Start of Material for this task

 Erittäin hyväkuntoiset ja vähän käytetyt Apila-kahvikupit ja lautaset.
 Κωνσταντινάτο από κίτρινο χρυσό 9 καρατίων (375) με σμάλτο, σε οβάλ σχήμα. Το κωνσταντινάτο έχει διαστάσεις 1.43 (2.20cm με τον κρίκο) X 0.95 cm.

End of Material for this task
Start of Material for this task

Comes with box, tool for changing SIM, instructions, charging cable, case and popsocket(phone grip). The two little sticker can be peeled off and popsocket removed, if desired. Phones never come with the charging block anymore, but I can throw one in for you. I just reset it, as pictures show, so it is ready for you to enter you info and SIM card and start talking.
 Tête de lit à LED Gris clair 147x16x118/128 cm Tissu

End of Material for this task
Start of Material for this task

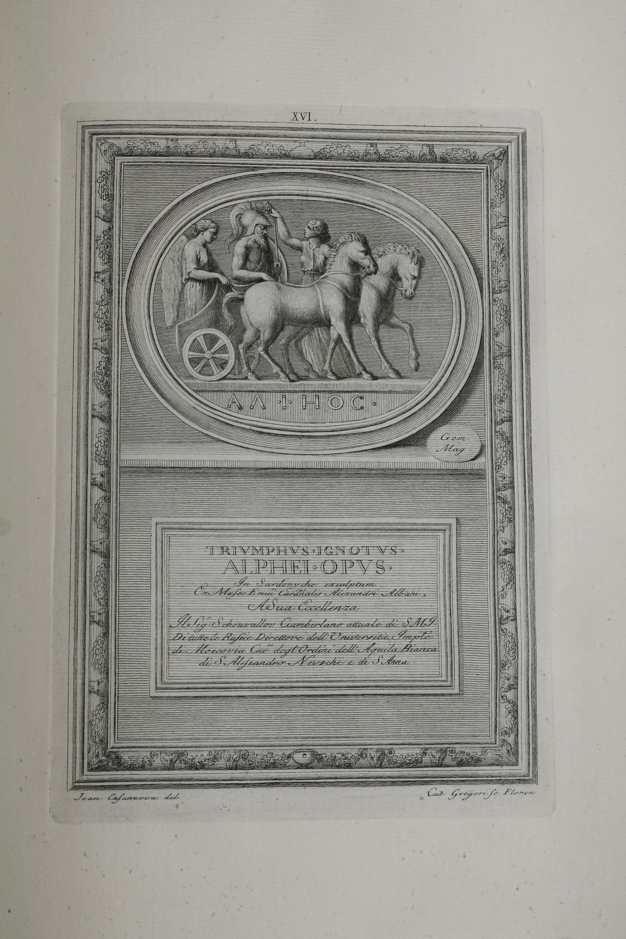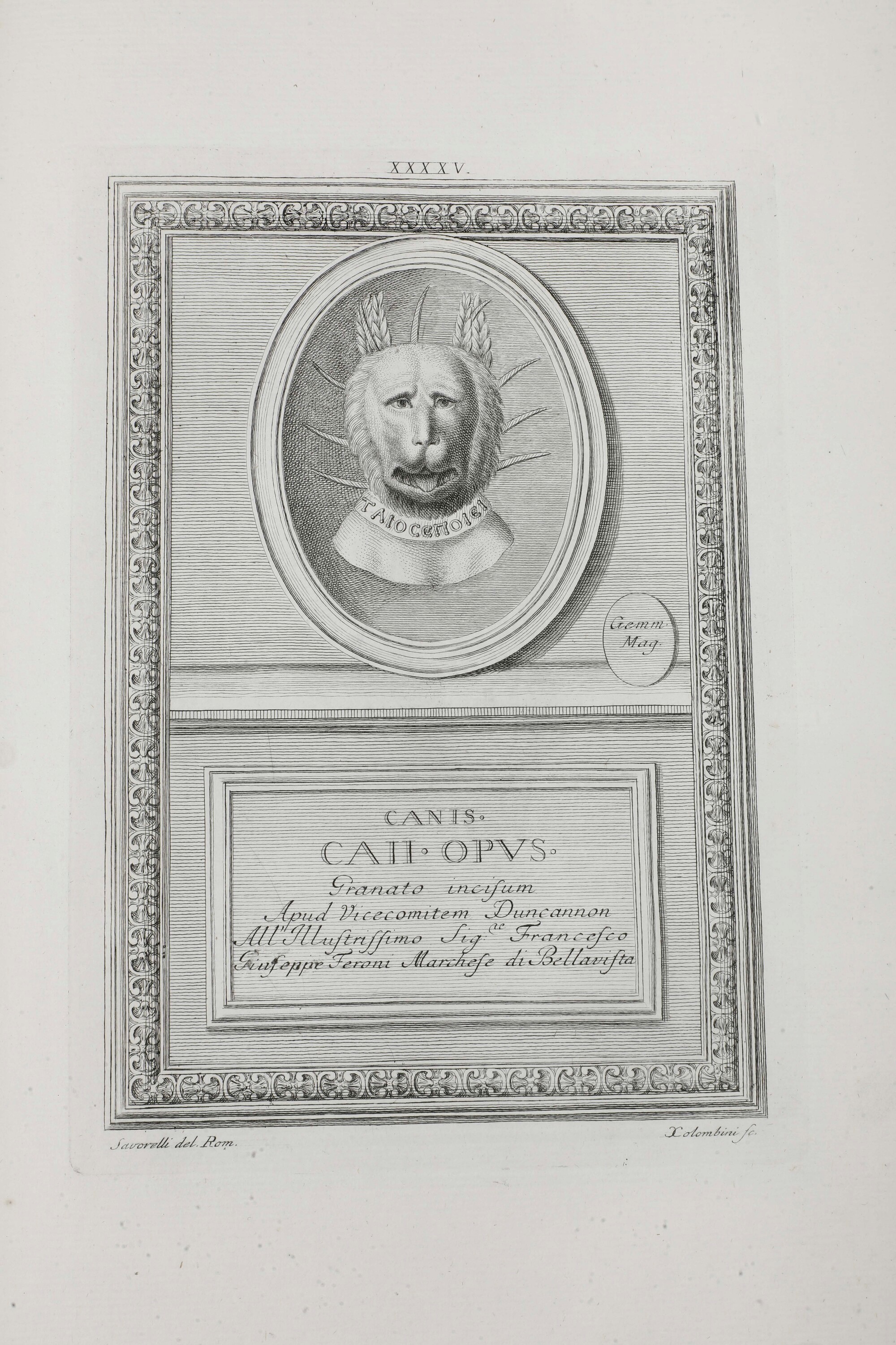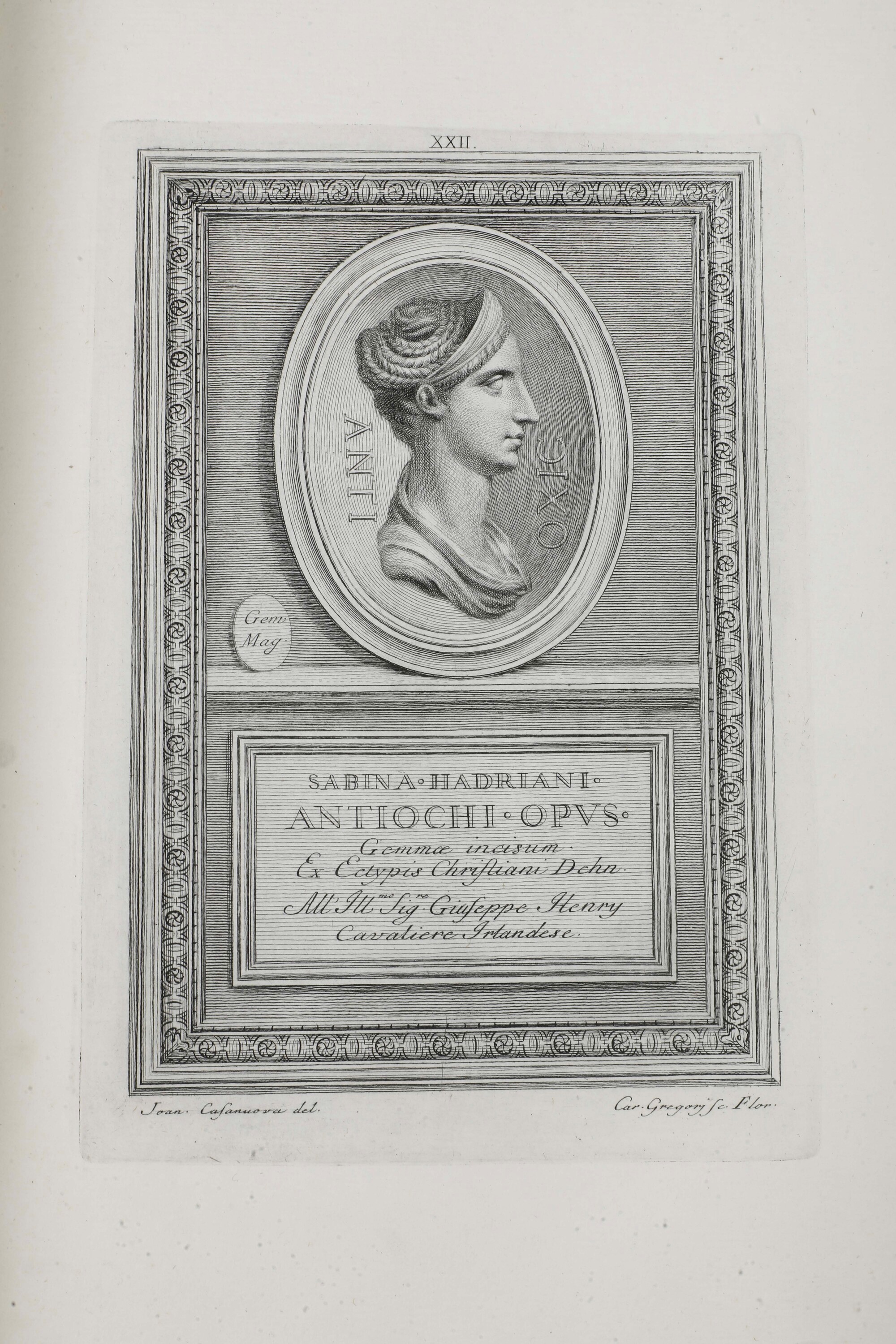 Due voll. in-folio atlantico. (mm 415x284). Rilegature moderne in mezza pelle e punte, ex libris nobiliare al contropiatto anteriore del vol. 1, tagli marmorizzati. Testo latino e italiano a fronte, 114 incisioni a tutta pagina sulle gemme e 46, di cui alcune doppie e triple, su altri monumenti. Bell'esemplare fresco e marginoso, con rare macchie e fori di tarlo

End of Material for this task

- The task -
Would you please copy, word for word, everything above from the line containing "Erittäin hyväkuntoiset ja" down to the line containing "Κωνσταντινάτο από κίτρινο", those two lines included?

- Response to the task -
 Erittäin hyväkuntoiset ja vähän käytetyt Apila-kahvikupit ja lautaset.
 Κωνσταντινάτο από κίτρινο χρυσό 9 καρατίων (375) με σμάλτο, σε οβάλ σχήμα. Το κωνσταντινάτο έχει διαστάσεις 1.43 (2.20cm με τον κρίκο) X 0.95 cm.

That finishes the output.